[ZODB-Dev] Persistent ZEO Cache corruption?

Thu Jan 12 10:17:54 EST 2006

[Sidnei da Silva]
>> Every now and then I face a corruption of the persistent zeo cache, but
>> this is the first time I get this variant.

What other variants do you see?

>> The cause is very likely to be a forced shutdown of the box this zope
>> instance was running on, but I thought it would be nice to report the
>> issue.

Yes it is!  Thank you.  It would be better to open a bug report ;-).

>> Here's the traceback::
>>
>> File "/home/sidnei/src/zope/28five/lib/python/ZEO/ClientStorage.py", line
314, in __init__
>>   self._cache.open()
>> File "/home/sidnei/src/zope/28five/lib/python/ZEO/cache.py", line 112, in
open
>>    self.fc.scan(self.install) File
>> "/home/sidnei/src/zope/28five/lib/python/ZEO/cache.py", line 835, in scan
>>    install(self.f, ent) File
>> "/home/sidnei/src/zope/28five/lib/python/ZEO/cache.py", line 121, in
install
>>   o = Object.fromFile(f, ent.key, skip_data=True)
>> File "/home/sidnei/src/zope/28five/lib/python/ZEO/cache.py", line 630, in
fromFile
>>   raise ValueError("corrupted record, oid")
>> ValueError: corrupted record, oid
>>
>> I have a copy of the zeo cache file if anyone is interested.
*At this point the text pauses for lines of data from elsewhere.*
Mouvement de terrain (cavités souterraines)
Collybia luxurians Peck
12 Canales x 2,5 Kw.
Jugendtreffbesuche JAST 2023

Attaching a compressed copy to the bug report would be best (if it's too big
for that, or it's proprietary, let me know how to get it and I'll put it on
an internal ZC machine).  Can't tell in advance whether that will reveal
something useful, though (see below).

>> What is bad about this problem is that it prevented Zope from starting
>> and there is no obvious clue that removing the persistent zeo cache
>> would cure it, though that's what anyone that has a clue about what he's
>> doing would do *wink*.

[Jim Fulton]
> It sounds like there should be logic in that code to abandon the cache if
> a problem is found, much as we abandon file-storage index files if
> anything seems suspicious.

That's an excellent idea, and should be doable with finite effort.
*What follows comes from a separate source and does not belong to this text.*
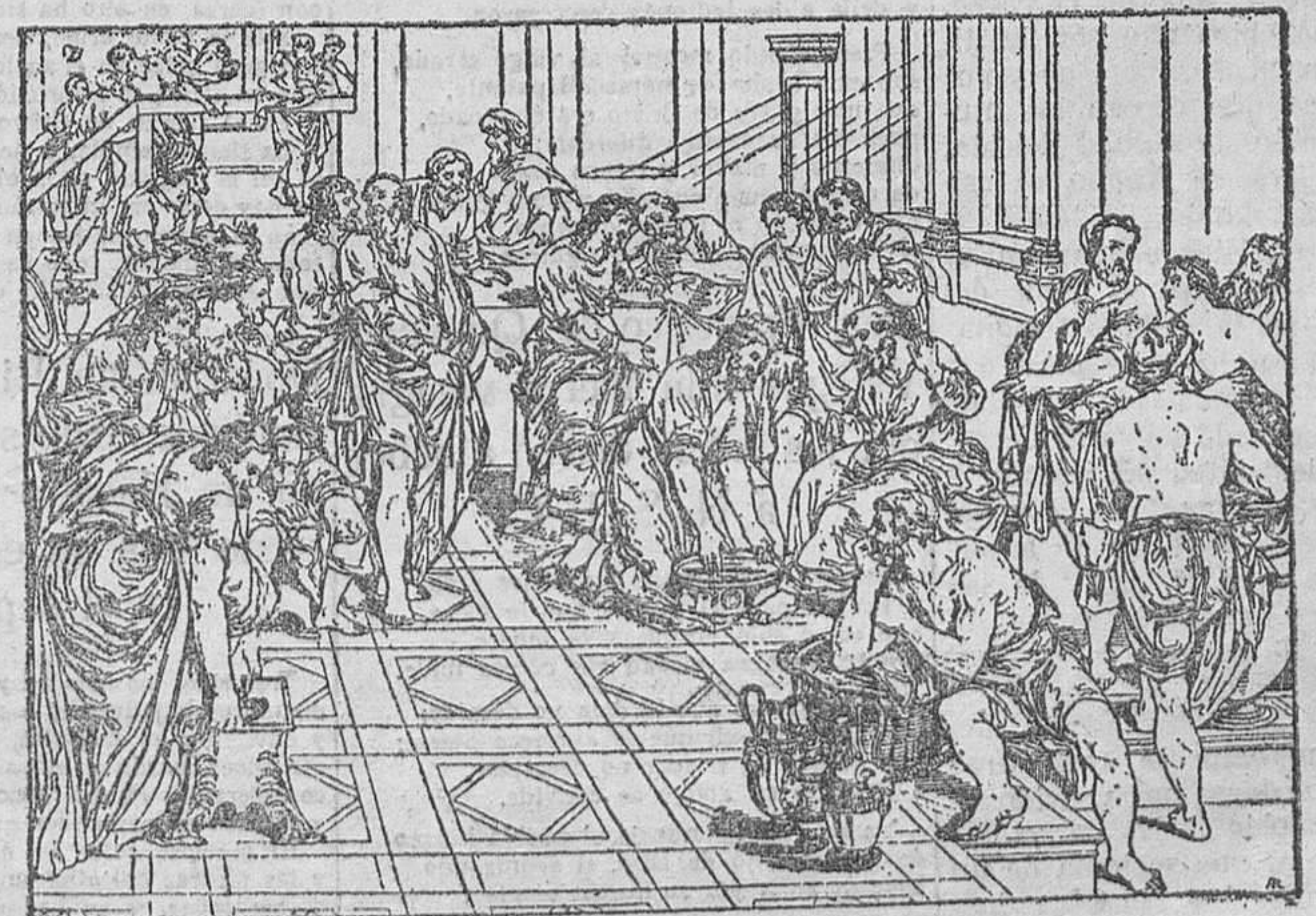
Cuadro de Muziano, del tesoro de la Catedral de Reims

> It seems as though persistent caches haven't been a very sucessful
> feature. Perhaps we should abandon them.

They do seem to be implicated in more than their share of problems, both
before and after MVCC.

The post-MVCC ZEO persistent cache _intends_ to call flush() after each file
change.  If it's missing one of those, and depending on what "forced
shutdown" means exactly, that could be a systematic cause for corruption.
It doesn't call fsync() unless it's explicitly closed cleanly, but it's
unclear what good fsync() actually does across platforms when flush() is
called routinely and the power stays on.

Those were intended to be reliability improvements over the pre-MVCC file
cache (which never called flush() or fsync()).
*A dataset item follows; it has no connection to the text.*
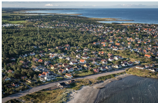
Bild 4. Flygbild över bebyggelse mellan hav och Knarråsen (Per Pixel Petersson, 2016).
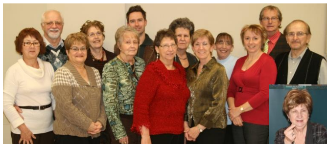
Merci aux correspondants d'Albanel. (version intégrale de septembre à mars)

Pour terminer, l'AQDR section St-Félicien tient à remercier tous les aînés qui ont participé bénévolement à ces projets de correspondances :

"kill -9" can do damage regardless, though.

Alas, if the cause is one of those, it's doubtful that analyzing the
corrupted file could prove it.

It's generally true that our file formats aren't designed to detect
corruption (e.g., we don't include checksums of any sort), so it's not clear
how well we can detect corruption either.  The only post-MVCC ZEO file cache
gimmick in this direction is storing 8 redundant bytes per record (the oid
for the record is stored near the start of the record, and again at the
end).  That's a lot better than nothing, and a mismatch in these redundant
oids is precisely what caused Sidnei's traceback.

The only other kinds of corruption routinely detected are weak checks:  we
hit EOF when trying to read a record's version, or when trying to read a
record's pickle.

There is one other strategy, but it only kicks in if you're not running
Python with -O (but should probably be run unconditionally at startup, and
changed to stop using "assert" statements):

        if __debug__:
            self._verify_filemap()

That checks that the info read from the cache file is mutually consistent in
various ways; Sidnei's run didn't get that far.